Friday's payroll data comes just days after the Federal Reserve (Fed) suggested strongly in its January statement that the interest rate hiking cycle that supported the Dollar last year could now be over, which has placed a question mark over the outlook for the greenback. 

"We doubt that the weakness in the US dollar since the FOMC’s meeting ended on Wednesday will last. Given our view that equity markets around the world will come under pressure again this year, we think that the dollar will benefit from safe-haven flows," say Simona Gambarini, an economist at Capital Economics

Fed officials did as they were expected to do and held the Federal Funds rate range at between 2.25% and 2.5% on Wednesday, but they also said in the statement accompanying the decision that they aren't yet sure they'll even need to raise rates at all this year. 
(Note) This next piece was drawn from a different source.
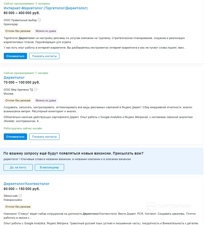 Еще вариант — воспользоваться сервисом hh.ru. На момент написания статьи ресурс предлагал чуть больше 200 вакансий со средней зарплатой 80 000 рублей в месяц. Самые выгодные условия предлагали в Москве, Краснодаре и Новосибирске.
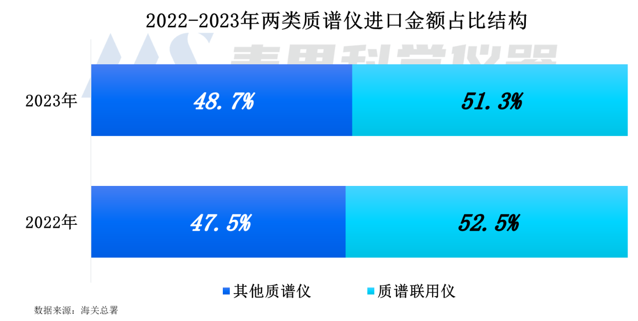 2023年質(zhì)譜聯(lián)用儀的進(jìn)口金額占比達(dá)51.3%,與上年相比減少1.2個(gè)百分點(diǎn);其他質(zhì)譜儀的占比為48.7%。從兩類(lèi)質(zhì)譜儀的金額占比結(jié)構(gòu)看,質(zhì)譜聯(lián)用儀的進(jìn)口需求更旺盛,但兩類(lèi)質(zhì)譜儀的份額差距在縮小。

Previously the Fed had said that "further gradual increases" in interest rates would be required to prevent inflation from rising meaningfully above the 2% target, which was a staple line that has appeared in almost all policy statements during the last three years or more. 

But the Fed abandoned that judgement this week and is now simply going to be "patient" while it waits for U.S. and global economic developments to dictate whether any further rate rises are going to be necessary over the coming quarters. 

"While we agree that the case for further rate hikes has weakened, we don’t think that the outlook for the economy is benign. Indeed, we think that it is only a matter of time before the cumulative effect of previous monetary tightening and fading fiscal stimulus start taking a toll on the economy," says Gambarini.

Gambarini recalls that when the Fed paused its rate hiking cycle back in 2016 the Dollar continued to rise over subsequent months, despite interest rate markets pricing out future hikes that had previously been taken for granted. She forecasts that a similar thing will happen this time around. 

"We think that the current bout of Dollar weakness will be short-lived. In fact, we expect the greenback to be a major beneficiary of a move away from risky assets this year as growth in the world’s largest economies slows, dragging stock markets down," Gambarini projects.